000111110     ...$$$$$.
110110110     $$.$$.$$.   # <- first error
001111011     ..$$$$.$$
111111101     $$$$$$$.$
100001101     $....$$.$
001111100     ..$$$$$..
000000000     .........
000000000     .........
000000000     .........
000000000     .........

I'm not sure what's going on here: a length of 9 bits fits comfortably within all these field types (64, 32, and 16 bits respectively), so shouldn't this be packed as expected? What am I missing, and how to fix this?


Solution

  • It looks like the ctypes.Strucuture has problems when crossing byte boundaries (depending on the field type).

    We can print the offset the fields use:

    print(PackedBitmap.line00)
    ...
    print(PackedBitmap.line09)
    

    Which gives us

    <Field type=c_ulonglong_be, ofs=0:55, bits=9> # 1
    <Field type=c_ulonglong_be, ofs=0:46, bits=9> # 2
    <Field type=c_ulonglong_be, ofs=0:37, bits=9> # 3
    <Field type=c_ulonglong_be, ofs=0:28, bits=9> # 4
    <Field type=c_ulonglong_be, ofs=0:19, bits=9> # 5
    <Field type=c_ulonglong_be, ofs=0:10, bits=9> # 6
    <Field type=c_ulonglong_be, ofs=0:1, bits=9>  # 7
    <Field type=c_ulonglong_be, ofs=8:55, bits=9> # 8
    <Field type=c_ulonglong_be, ofs=8:46, bits=9> # 9
    <Field type=c_ulonglong_be, ofs=8:37, bits=9> # 10
    
    • The first field goes from bits 55 to 63. This is fine
    • The seventh goes from bits 1 to 9. This is also fine
    • The eights goes from bits 55 to 63 in the second byte. So we are missing bit 0 of byte 0.
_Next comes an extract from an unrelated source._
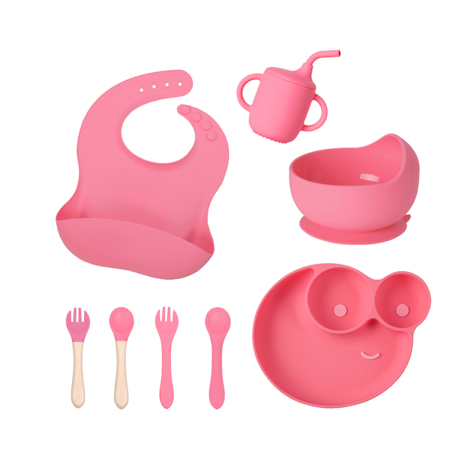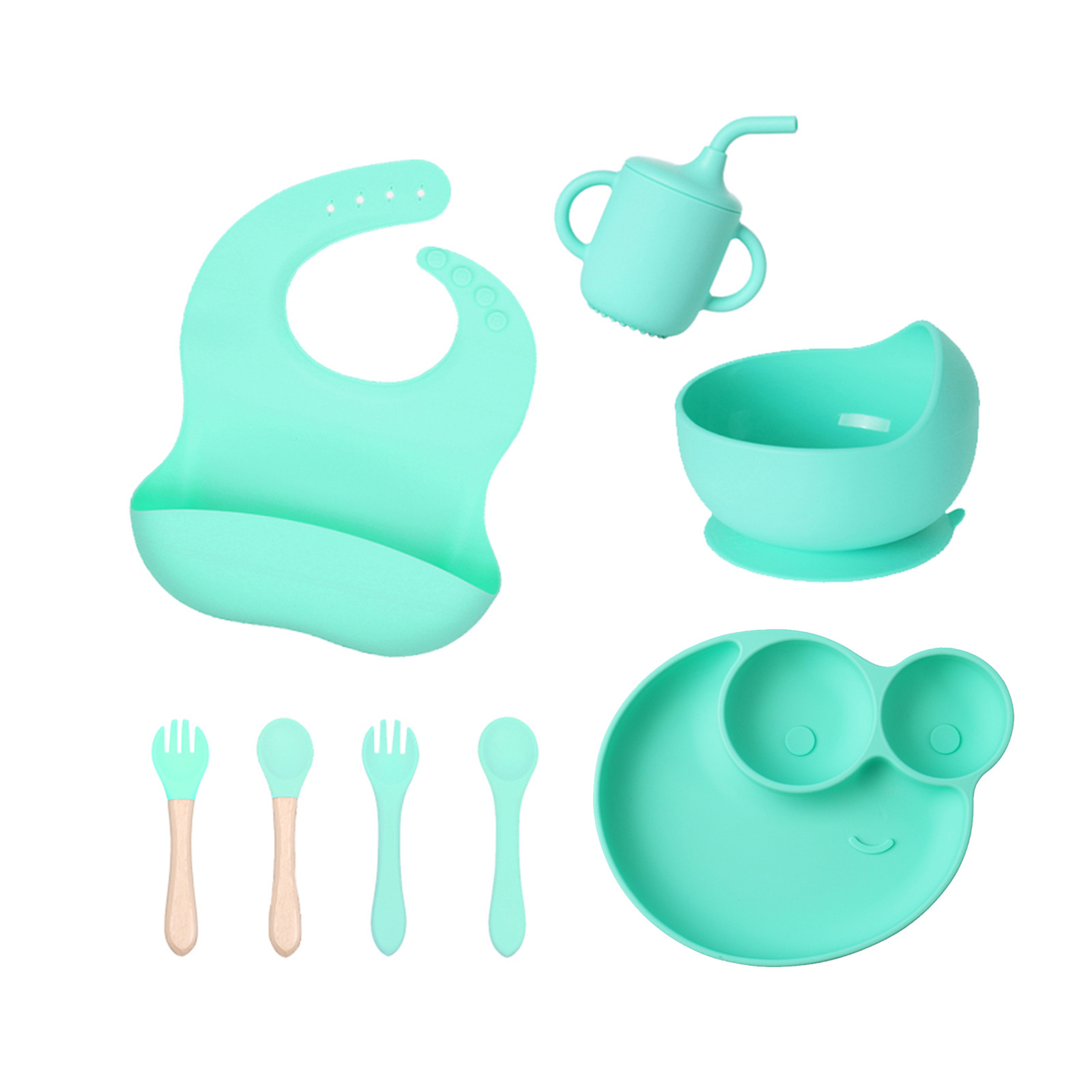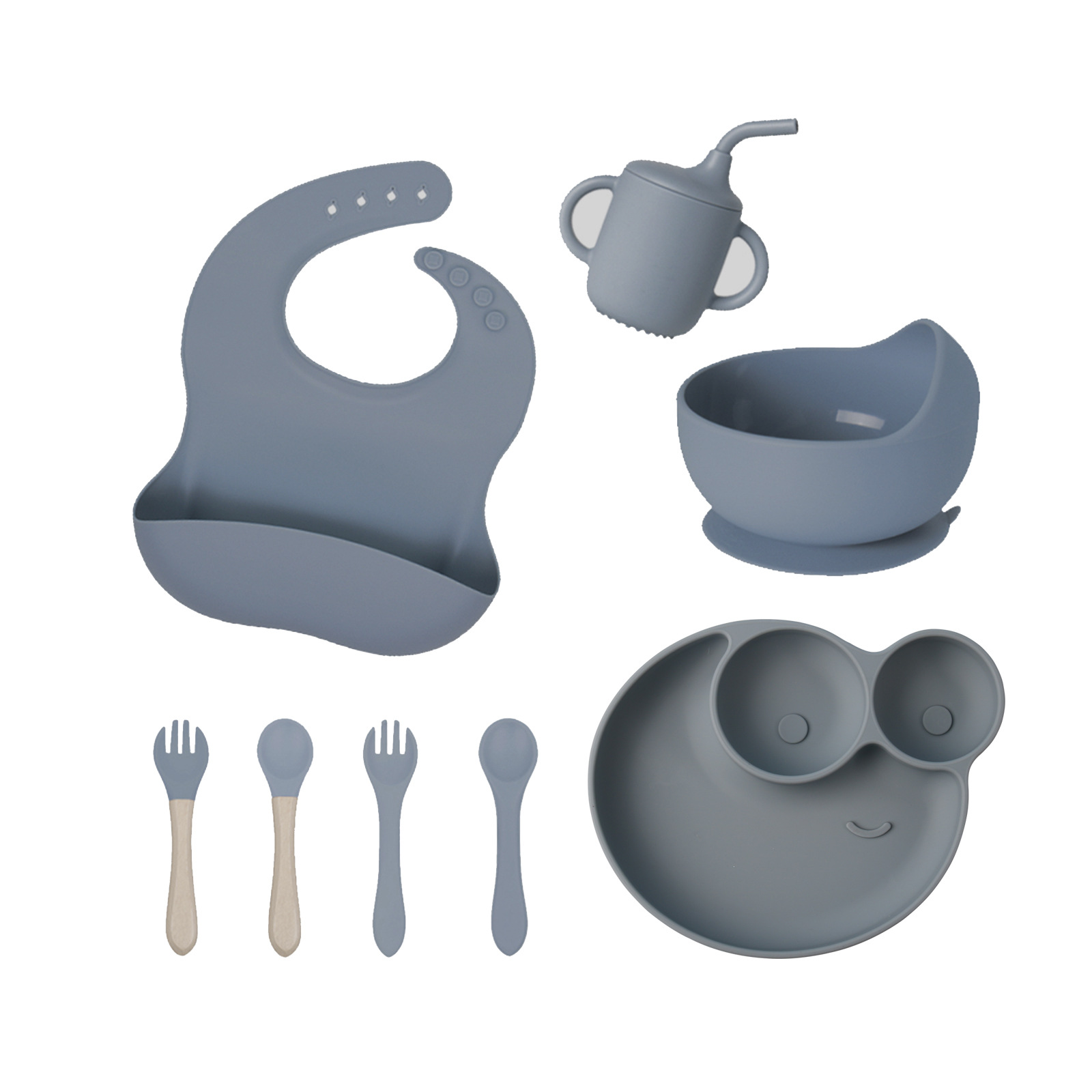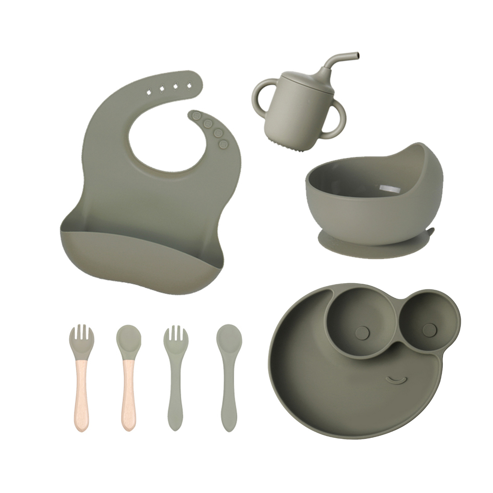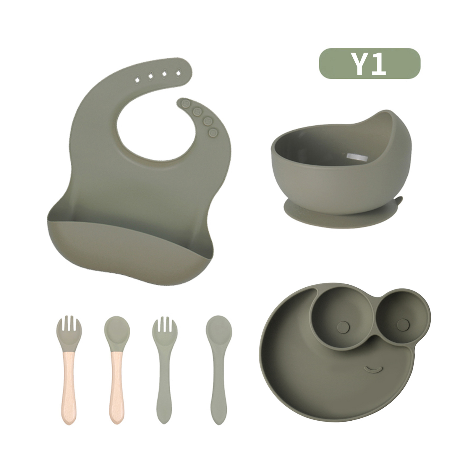 日用 儿童餐具套装组合3件套硅胶盘 喂养餐具 勺叉 水杯 餐盘碗

    This may be a bug, or at least unexpected. When you switch to other data types you will see that the error happens first when switching to the next byte.

    It could be worth reporting this to the CPython devs. In my opinion this should at least be mentioned in the documentation. I could not find such a hint.

    However, here is an implementation that doesn't use neither ctypes nor struct:

    1. it concats the bytes as 1s and 0s together into one large string
    2. then it splits them into parts of length 9
    from collections.abc import Iterator
    from itertools import batched
    
    raw = b'\x1F\x1F\xDB\x79\x3D\xBF\xFE\xF7\x86\xCE\x3E'
    
    
    def regroup_bits(buffer: bytes, bits: int) -> Iterator[str]:
        binary = ''.join(f'{byte:08b}' for byte in buffer)
    
        return (''.join(batch) for batch in batched(binary, bits))
    
    
    for i in regroup_bits(raw, 9):
        print(i.replace('0', '.').replace('1', '$'))
    

    This could be optimised to be more memory friendly by not building one large string, but instead only as many bits as you need and then yield a 9-bit value.

    Also note, this implementation does not pad the last value.